Provided information Start Marker

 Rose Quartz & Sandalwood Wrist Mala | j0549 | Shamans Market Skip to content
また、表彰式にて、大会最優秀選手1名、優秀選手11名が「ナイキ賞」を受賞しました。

Provided information End Marker
Provided information Start Marker

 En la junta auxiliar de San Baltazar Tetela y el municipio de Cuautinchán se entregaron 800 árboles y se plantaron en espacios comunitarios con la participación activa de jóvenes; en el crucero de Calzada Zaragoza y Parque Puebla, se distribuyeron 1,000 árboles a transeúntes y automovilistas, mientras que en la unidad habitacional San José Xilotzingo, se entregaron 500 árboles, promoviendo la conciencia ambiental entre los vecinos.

Provided information End Marker

= Problem details =
Send back exactly the lines of the listing above starting at the one with "Rose Quartz &" and ending at the one with "また、表彰式にて、大会最優秀", inclusive, and no others.

= Solution to the problem =
 Rose Quartz & Sandalwood Wrist Mala | j0549 | Shamans Market Skip to content
また、表彰式にて、大会最優秀選手1名、優秀選手11名が「ナイキ賞」を受賞しました。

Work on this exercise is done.